◆ Exercise material ◆

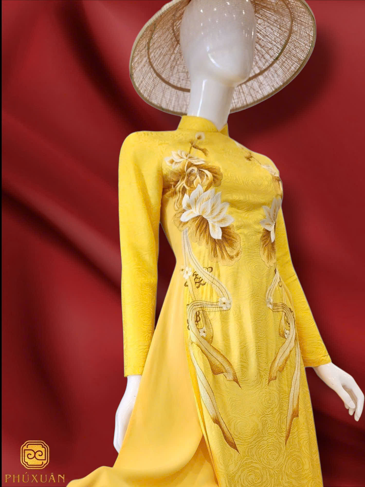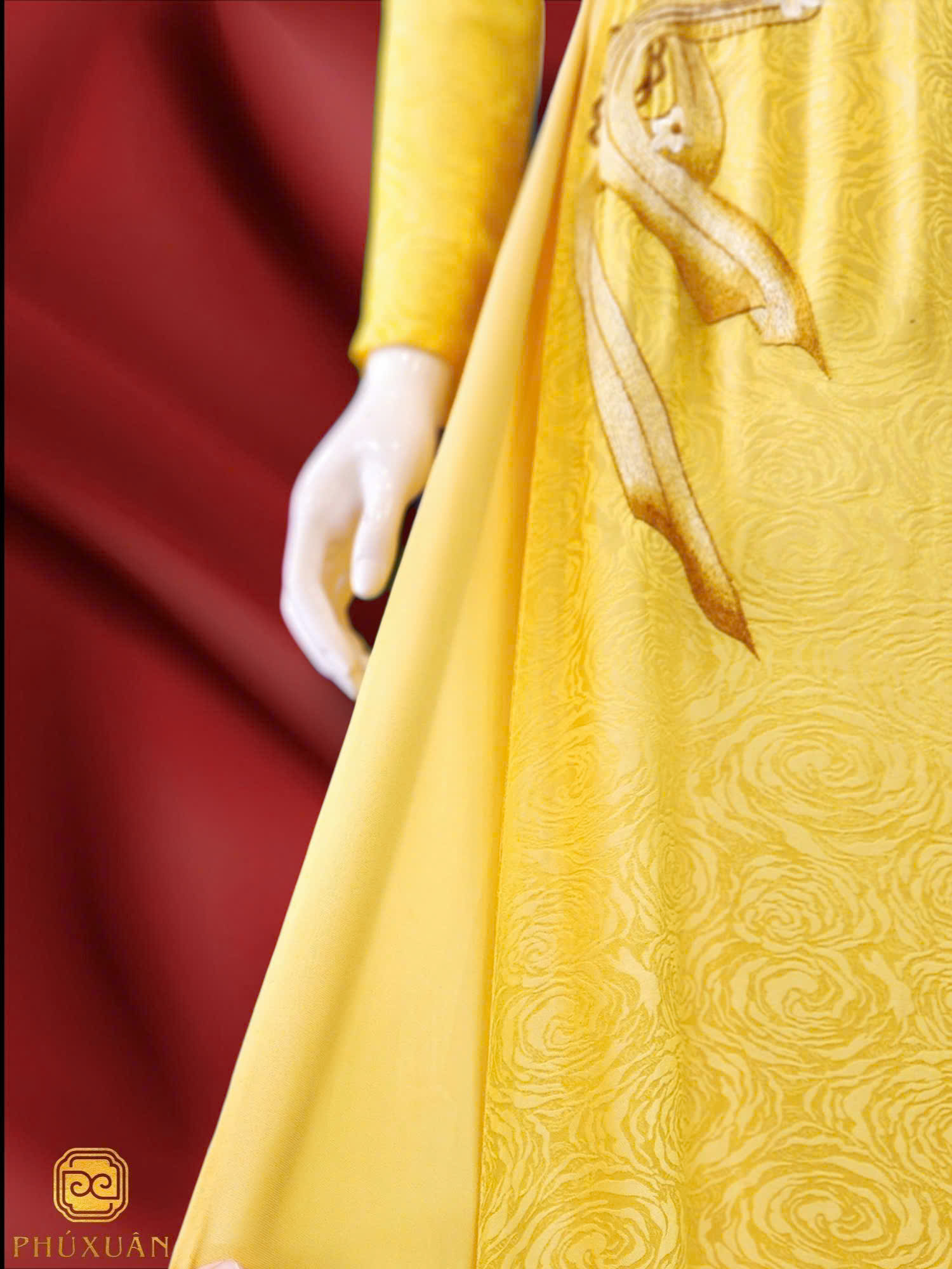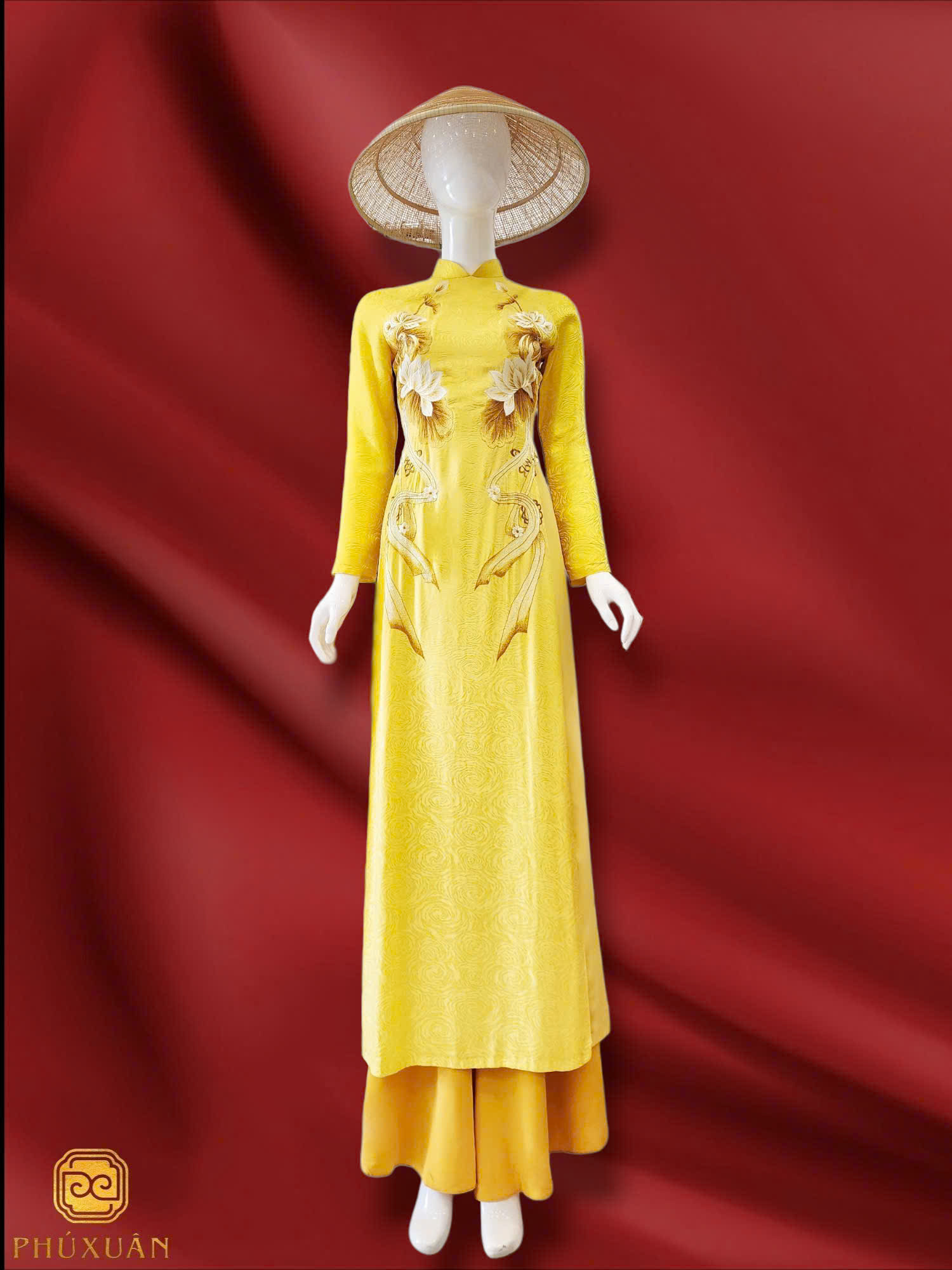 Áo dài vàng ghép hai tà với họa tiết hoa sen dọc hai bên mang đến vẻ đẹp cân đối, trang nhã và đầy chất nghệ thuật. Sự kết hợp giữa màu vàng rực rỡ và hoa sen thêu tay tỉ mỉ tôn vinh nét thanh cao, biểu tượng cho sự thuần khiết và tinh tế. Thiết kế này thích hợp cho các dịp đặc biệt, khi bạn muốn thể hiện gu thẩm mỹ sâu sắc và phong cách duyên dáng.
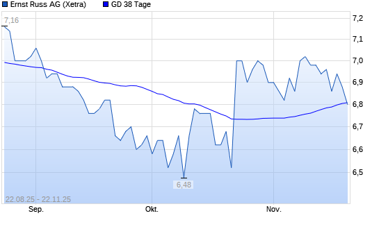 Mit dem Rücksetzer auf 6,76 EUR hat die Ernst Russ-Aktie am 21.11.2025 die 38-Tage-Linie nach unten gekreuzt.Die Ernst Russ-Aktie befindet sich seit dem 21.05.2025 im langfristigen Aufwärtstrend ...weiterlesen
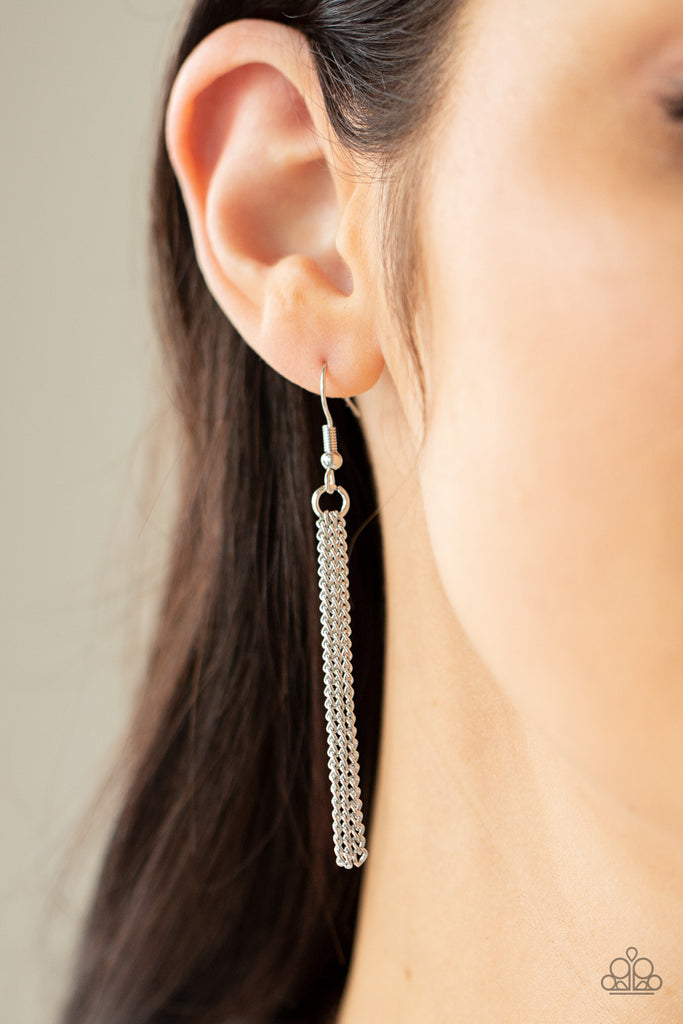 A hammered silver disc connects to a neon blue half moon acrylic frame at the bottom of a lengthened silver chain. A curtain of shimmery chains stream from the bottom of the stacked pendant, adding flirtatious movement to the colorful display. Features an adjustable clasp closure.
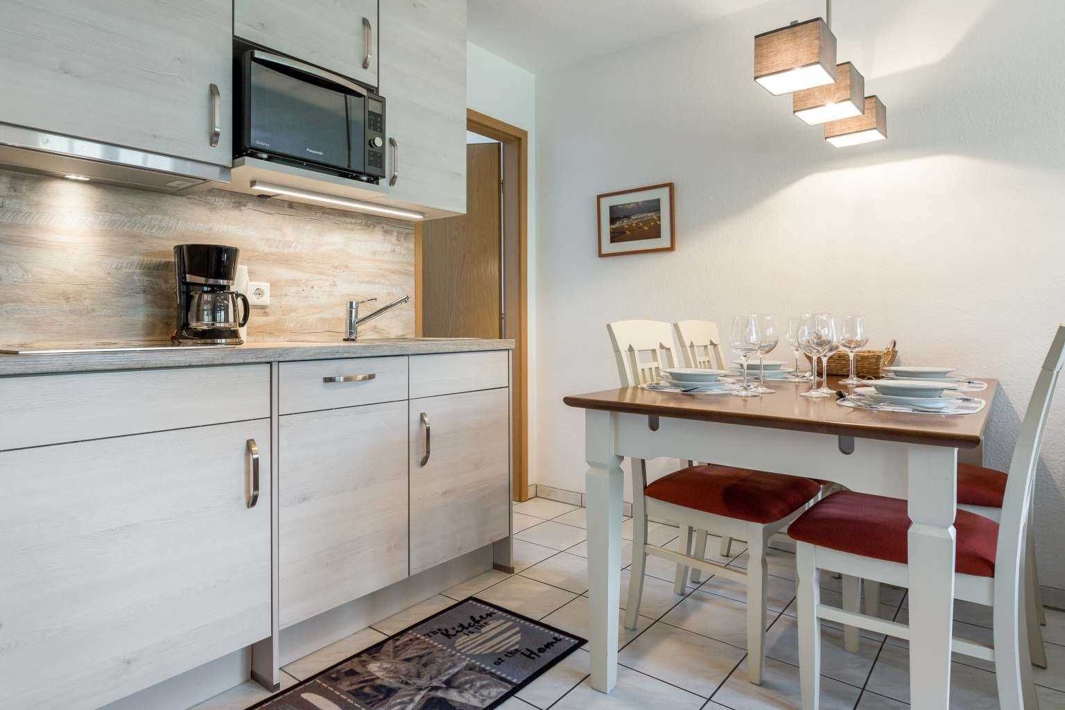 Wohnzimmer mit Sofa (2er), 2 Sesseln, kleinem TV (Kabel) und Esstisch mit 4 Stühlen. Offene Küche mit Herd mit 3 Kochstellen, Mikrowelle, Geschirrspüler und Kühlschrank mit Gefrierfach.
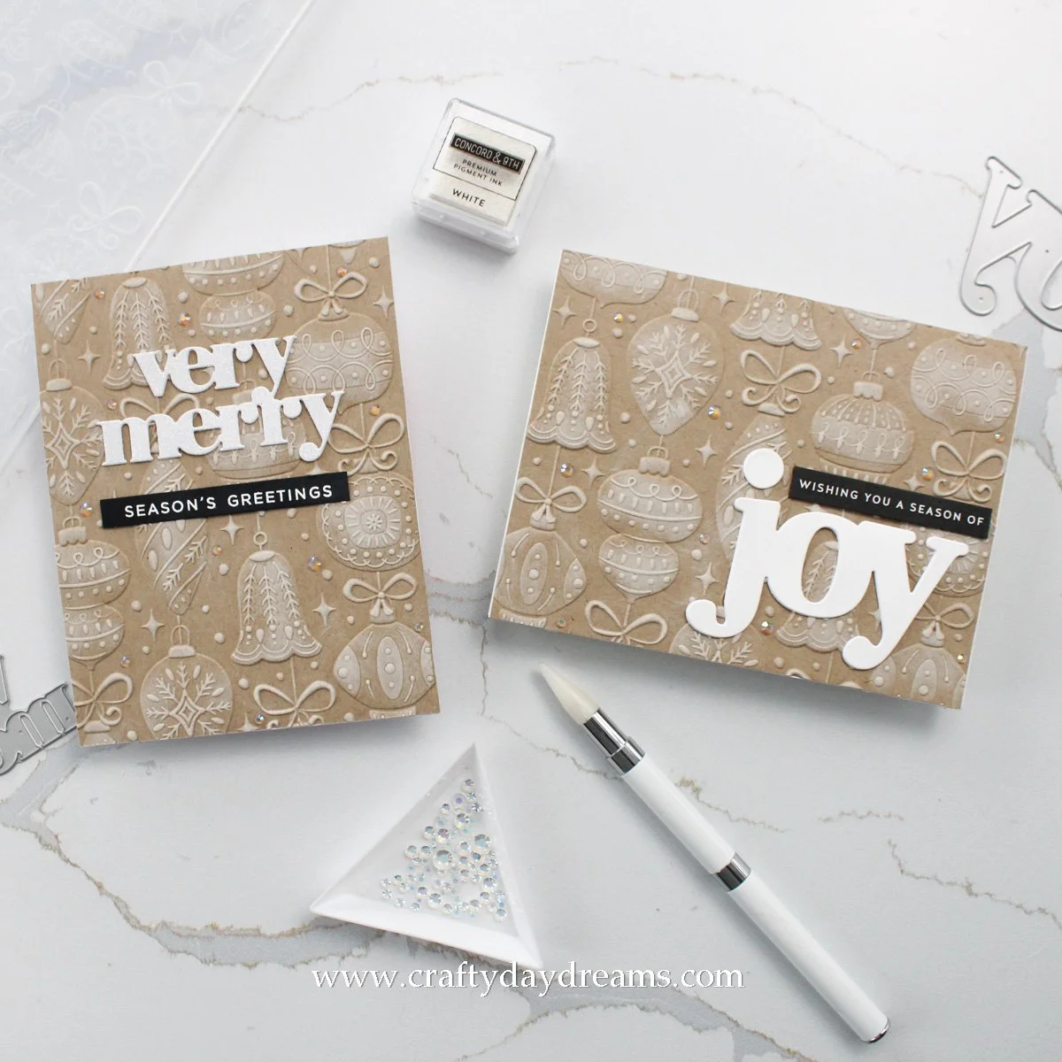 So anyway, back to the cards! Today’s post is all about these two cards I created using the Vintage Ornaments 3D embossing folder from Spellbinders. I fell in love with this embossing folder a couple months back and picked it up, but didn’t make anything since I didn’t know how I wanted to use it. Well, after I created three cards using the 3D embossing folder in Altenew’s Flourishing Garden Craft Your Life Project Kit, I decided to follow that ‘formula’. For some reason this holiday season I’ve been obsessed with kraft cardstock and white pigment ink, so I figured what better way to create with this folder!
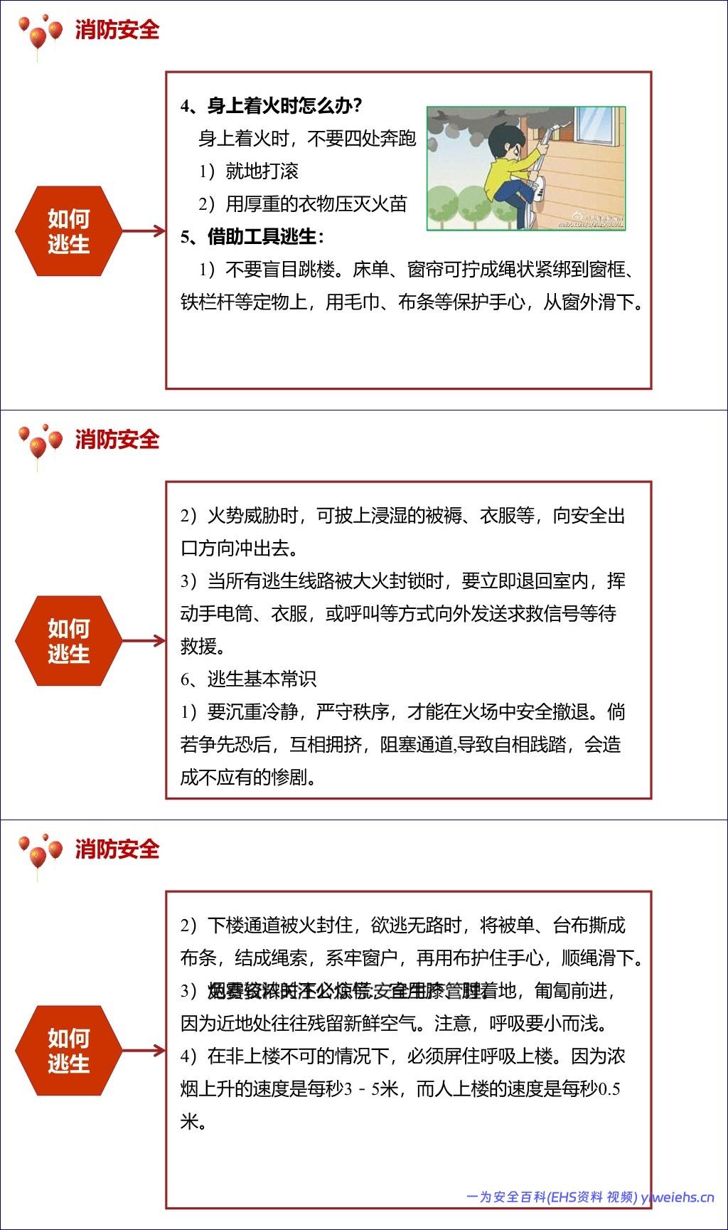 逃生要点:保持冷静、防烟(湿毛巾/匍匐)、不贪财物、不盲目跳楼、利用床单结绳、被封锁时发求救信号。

◆ Your instructions ◆
The entries above must be restated exactly in the answer, and the pictures left out.

◆ Reply to the task ◆
 Áo dài vàng ghép hai tà với họa tiết hoa sen dọc hai bên mang đến vẻ đẹp cân đối, trang nhã và đầy chất nghệ thuật. Sự kết hợp giữa màu vàng rực rỡ và hoa sen thêu tay tỉ mỉ tôn vinh nét thanh cao, biểu tượng cho sự thuần khiết và tinh tế. Thiết kế này thích hợp cho các dịp đặc biệt, khi bạn muốn thể hiện gu thẩm mỹ sâu sắc và phong cách duyên dáng.
 Mit dem Rücksetzer auf 6,76 EUR hat die Ernst Russ-Aktie am 21.11.2025 die 38-Tage-Linie nach unten gekreuzt.Die Ernst Russ-Aktie befindet sich seit dem 21.05.2025 im langfristigen Aufwärtstrend ...weiterlesen
 A hammered silver disc connects to a neon blue half moon acrylic frame at the bottom of a lengthened silver chain. A curtain of shimmery chains stream from the bottom of the stacked pendant, adding flirtatious movement to the colorful display. Features an adjustable clasp closure.
 Wohnzimmer mit Sofa (2er), 2 Sesseln, kleinem TV (Kabel) und Esstisch mit 4 Stühlen. Offene Küche mit Herd mit 3 Kochstellen, Mikrowelle, Geschirrspüler und Kühlschrank mit Gefrierfach.
 So anyway, back to the cards! Today’s post is all about these two cards I created using the Vintage Ornaments 3D embossing folder from Spellbinders. I fell in love with this embossing folder a couple months back and picked it up, but didn’t make anything since I didn’t know how I wanted to use it. Well, after I created three cards using the 3D embossing folder in Altenew’s Flourishing Garden Craft Your Life Project Kit, I decided to follow that ‘formula’. For some reason this holiday season I’ve been obsessed with kraft cardstock and white pigment ink, so I figured what better way to create with this folder!
 逃生要点:保持冷静、防烟(湿毛巾/匍匐)、不贪财物、不盲目跳楼、利用床单结绳、被封锁时发求救信号。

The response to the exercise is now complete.